The Company's specific methodology, known as Total Cycle Time, focuses
on reducing the time to complete and improve the effectiveness of
revenue-production, product development and administrative processes, resulting
in improvements in financial performance, quality, and response time. The
Company's services are based on time management concepts and are applied to
business processes throughout industry.

Utilizing Total Cycle Time methodology, the Company analyzes a
client's business, works with the client's senior management in a four day
executive workshop to define the potential performance improvement, and works
with the client to implement actions to obtain the improvement. Total Cycle
Time services are designed to enable the Company's clients to achieve
quantifiable results, such as higher growth, improved profitability, greater
productivity, more effective asset utilization and reduced time in developing
and delivering new products to market, thereby making clients more competitive.
Due to the Company's prior success with and confidence in Total Cycle Time
services, the Company generally provides its clients with the option of paying
the Company fixed fees or a combination of fixed fees and performance-oriented
fees based on improvements in mutually determined measurements, such as cycle
time or financial criteria.

CLIENTS

The Company's clients are typically large, well-established companies,
or distinct business units of such companies, in North America, Western Europe,
and the Asia/Pacific region. Within the largest clients, multiple programs have
been performed for different business units, however, the Company has not
historically performed repeat programs for specific client business units for
which the Company has completed a Total Cycle Time program. The Company has
begun to diversify its product offerings in order to increase the potential for
continuous client engagements.

TOTAL CYCLE TIME

The Total Cycle Time methodology developed and employed by the Company
is used to analyze a client's business into components of three basic
processes: the development of new products and services; the production and
delivery of goods and services; and the definition and implementation of
strategies to capitalize on fast response. By defining such processes and
working directly with the top management team in a four day workshop, the
Company is able to analyze and quantify a client's existing performance levels
using measures of time, productivity, asset utilization, cost and quality. In
addition the Company is able to establish operating and financial improvements
the Company believes can be obtained by the client utilizing the Thomas Group
methodology and tools and existing or reduced resources.

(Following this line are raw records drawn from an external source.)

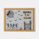 Dê um pouco de susto aos seus visitantes nesta temporada de Halloween com este tapete de porta de Spooky Halloween. Há um portão de ornamentado com um gato preto e uma abóbora laranja sentados sobre os pilares do portão. Há um grupo de 4 esqueletos dançando, uma silhueta de bruxas voando através da lua e muitos morcegos voando sobre isso. O fundo é cinza leve com teias brancas de aranha. A tipografia diz "ENTER if you DARE!" e o ponto no i e a letra do seu, são feitos de cabeças de esqueleto! Há uma borda laranja com uma faixa preta ao redor da borda.
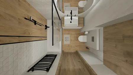 Wnętrze łazienki z minimalistycznym designem i jasnymi meblami. 4 zdjęć w projekcie Zobacz projekt
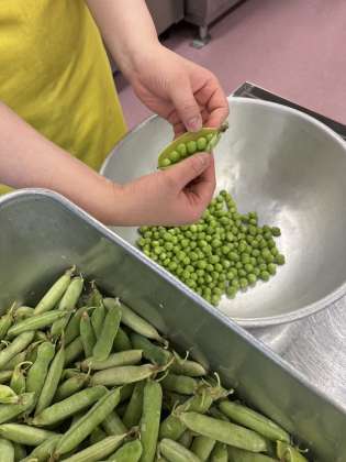 今日は年に一度のグリンピースご飯です。グリンピースを苦手とする人も多いのですが、今の時期は旬なので冷凍ものとは全く違う風味や食感を味わって欲しいと思っています。
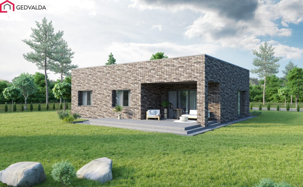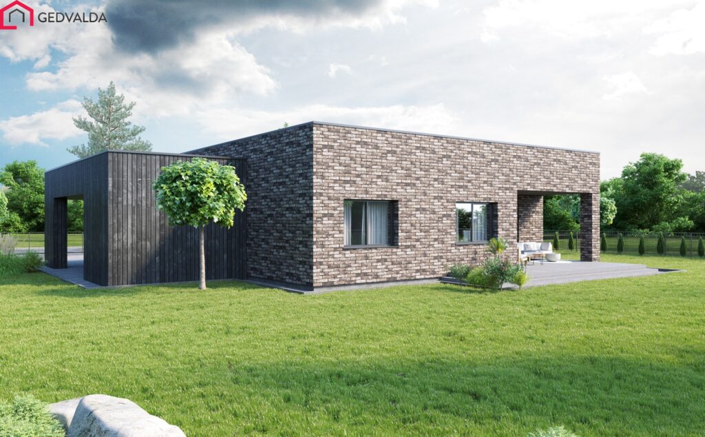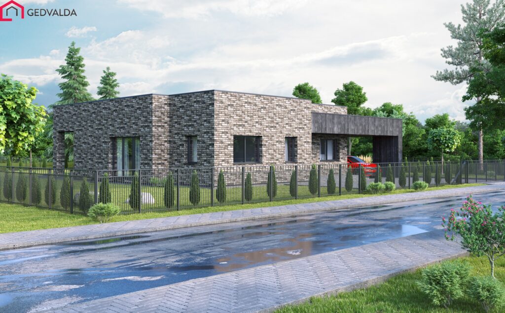 Modernaus dizaino vieno aukšto gyvenamasis namas. Gyvenamajame name suprojektuoti trys miegamieji kambariai. Suaugusiųjų miegamasis turi privačią drabužinę. Taip pat įrengiami du atskiri tualeto ir vonios kambariai. Numatyta pagalbinė patalpa. Name suprojektuota erdvi svetainės- virtuvės patalpa. Kiemo zonoje įrengiama terasa, į kurią patenkama iš svetainės- virtuvės patalpos. Suprojektuota stoginė automobiliui ir lauko sandėlis.
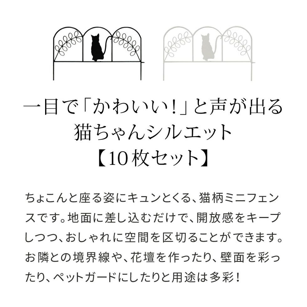 住まいスタイル アイアンフェンス ミニ(猫) 10枚組 ブラック/ホワイト NK7238-10P
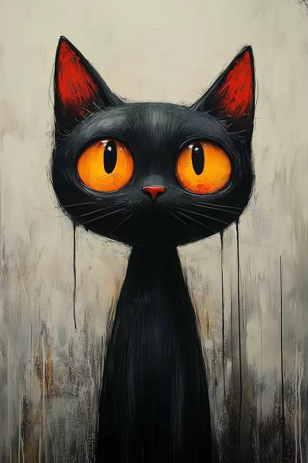 Plakatas Juoda akvarelė katė geltonomis akimis f41120
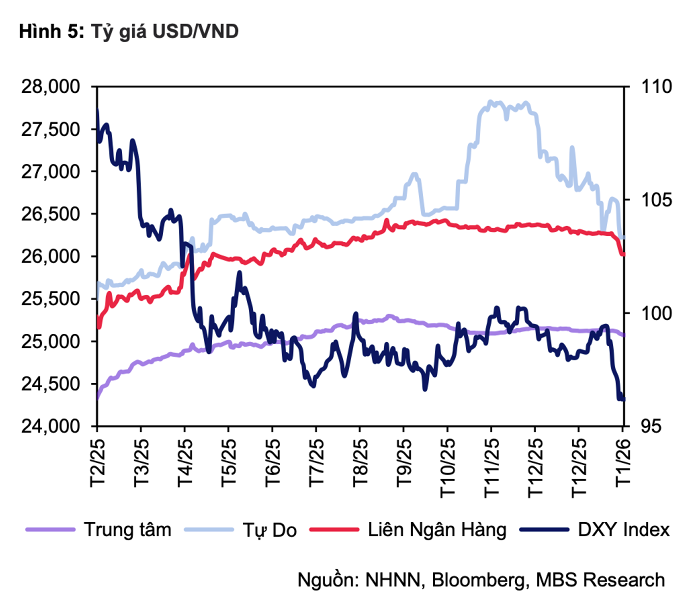 Dẫn số liệu từ báo cáo, tỷ giá liên ngân hàng đến cuối tháng 1 giảm 0,9% so với đầu tháng về mức 26.025 VND/USD - mức thấp nhất kể từ giữa tháng 6/2025. Tỷ giá trung tâm cũng giảm 0,2% so với đầu năm về mức 25.074 VND/USD; trong khi tỷ giá tự do giảm mạnh 2,6% so với đầu năm, hiện ở mức 26.225 VND/USD.
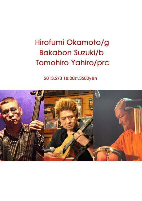 ライブのご案内をさせていただきます。。。 2/3(日) 岡本博文 岡本博文/g バカボン鈴木/b ヤヒロ・トモヒロ/prc SHOWTIME:18:00st. OPEN:17:00 CHARGE:\3500 今から10年以上前、岡本博文の1stソロアルバム『Jawango』の録音がきっかけで、集まった3人が、長きに渡って演奏を続け、完成度の高い音楽へと昇華。アコースティックギターの調べ、超絶なキメ、そしてラテンがキーワード。岡本博文の個性的なオリジナルを中心に3人一体となった熟成したタイトなグルーブは聴き応え十分。ヤヒロトモヒロ の縦横無尽なリズム、バカボン鈴木の強力サ

Frequently, business and cultural "barriers" restrict or hinder a
client's operating processes. These barriers may consist of excessive
inspections, inappropriate lot/batch sizes, improper measures or a client's
view of its business as departments or functions rather than as integrated
processes. Cultural and business process barriers appear in a wide variety of
manufacturing, project and service businesses, and their removal can have a
significant, positive impact on a


3

client's business. Because these barriers are ingrained in a client's business
and culture, they may be difficult for a client's management to identify and
address without the assistance of outside, experienced business professionals.

At an early stage of a Total Cycle Time program's implementation, the
Company identifies each of a client's business processes, analyzes the inter
relationship of each process to another, identifies the cultural barriers
restricting a client's performance, and determines the actions required to
remove these barriers. As barriers to improved performance and unnecessary
steps in the business processes are removed, cycle times are reduced and
activities or actions are more rapidly and efficiently completed.

During implementation of a Total Cycle Time program, the Company works
with the client to internalize Total Cycle Time methodologies, with the
objective of sustaining change in the client's culture after Company personnel
complete the bulk of the program. The Company provides its clients a limited
license to use Total Cycle Time methodologies internally.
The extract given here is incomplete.